Firstly, we have expanded the literature review to include a more in-depth discussion of relevant research. We now emphasize the importance of genotype data in genomics, particularly in studies such as genome-wide association studies (GWAS) and genotype imputation (lines 33-40). Additionally, we extended the review of existing tools and methods for VCF file processing and genotype data analysis, highlighting the challenges and solutions related to handling large-scale datasets (lines 41-53). Furthermore, we discussed the limitations of current methods and tools to provide a solid foundation for FM3VCF’s innovation and contributions (lines 53-67).

By expanding the literature review, we have provided a more robust theoretical context for our research and clearly demonstrated FM3VCF’s unique value and contribution to overcoming the limitations of existing tools.

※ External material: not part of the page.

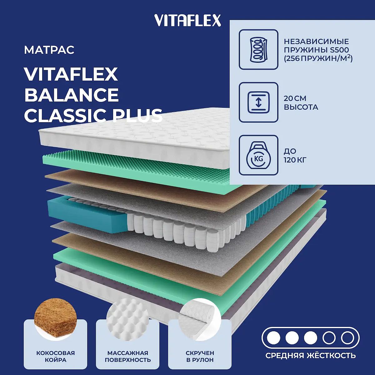 О производителеVitaflex — российский производитель, предлагающий практичные и современные решения для комфортного сна. Модель Balance Classic plus входит в коллекцию «Топ-30» и сочетает в себе проверенные материалы и сбалансированный уровень поддержки.

We believe these revisions significantly strengthen the manuscript and enhance its readability, making the background and methodology sections more coherent and comprehensive. Thank you again for your insightful comments, which have greatly improved the manuscript.

Responses to Reviewer #3

Comment 1:

In Results paragraph (line 22) you wrote:

FM3VCF exhibits a speed improvement of approximately 20-fold in the compression of VCF files to the M3VCF format.

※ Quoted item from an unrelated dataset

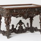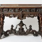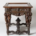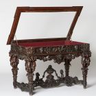 The table stands on four cylindrical feet, decorated with rosettes and egg-and-dart motifs at the bottom and three carved putti clinging on the horn of a ram at the top. The shorter sides are joint by a stretcher with scroll and rosette motifs, while the middle stretcher has a richer decoration of a flower urn and two putti on the sides. The frieze is pierced with flowery angel heads at the bottom, a winged female herm and a satyr head twisted with ribbon at the top. The middle presents the allegory of the river: a naked female and male figure resting their heads on their right and pouring water from the carafe in their left. The wooden frame of the folding glass top is decorated with flat-carved rhomboid motifs twined on a leaved tendril. The inside of the table used to be lined with velvet. It presents the characteristic signs of French (Burgundy) Mannerism and was made in France or, on French influence, in Central Europe. It used to belong to the drawing room furniture of György Rath and served as a store for keeping gemmas. (see Archives Department of the Budapest Museum of Applied Arts Fit 4869.) The inventory number 690 of the Rath collections can be seen on the object.
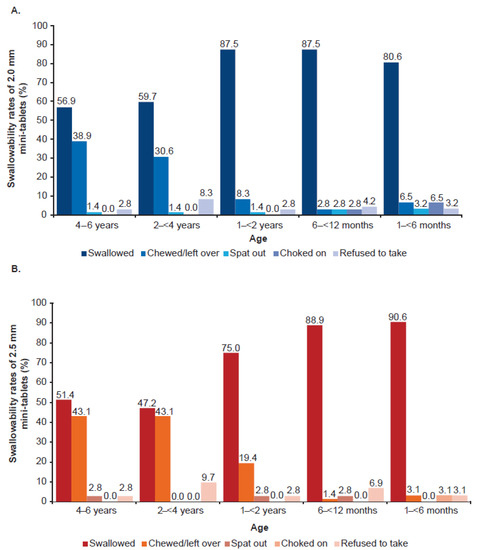 Swallowability of the film-coated mini-tablets was assessed in children aged 1 month to 6 years based on five criteria (Table 2). The majority of children in all age groups were able to swallow both 2.0 mm and 2.5 mm mini-tablets, with a higher swallowability rate observed in the younger age groups (1–<2 years, 6–<12 months, and 1–<6 months). In comparison, the proportion of children who chewed/leftover the mini-tablets were lower across younger age groups (1–<2 years, 6–<12 months, and 1–<6 months). The proportion of children who spat out, choked on, or refused to take the tablets were very low with both 2.0 mm and 2.5 mm mini-tablets. There were two children in the age group 6–<12 months (both cases were reported in the 2.0 mm mini-tablets), and three children in the youngest (1–<6 months) age group (two cases were reported with the 2.0 mm mini-tablets and one was with the 2.5 mm mini-tablets) who coughed during study drug administration and were assessed as “choked on”, leading to discontinuation of recruitment in the youngest age group (Figure 5A,B).

This result was obtained basing on set of experiments, but it is not justified from the analytical analysis of your proposed method. Such analysis should be based on:

(i) workflow of proposed method - you only gave a description expressed in words (lines 88-101) with reference to program code

(ii) complexity analysis of proposed algorithm/approaches

(iii) limitations that can appear in reference to input set, hardware used for test,

Your simulations are not final proofs of obtained results, but they confirm from practical side, what was achieved. Please expand this including fore theoretical framework.

Response:

Thank you for your valuable feedback, especially regarding the need for a more comprehensive analysis of the experimental results. We greatly appreciate your comments and have made significant revisions to the manuscript to provide more comprehensive analytical support for our experimental findings. The specific revisions are as follows:

We have expanded the description of the proposed method's workflow. Now, we provide a more detailed step-by-step explanation in the following sections: Workflow Optimization Speedup (lines 76-100), Parallel Compression Using pthreads (lines 101-119), and Optimized Reading with Parallel Parsing (lines 120-135). Additionally, we conducted a detailed theoretical analysis and explained the total time savings between zm3vcf and M3VCF (lines 136-137). This analysis highlights the reasons for FM3VCF's superior performance.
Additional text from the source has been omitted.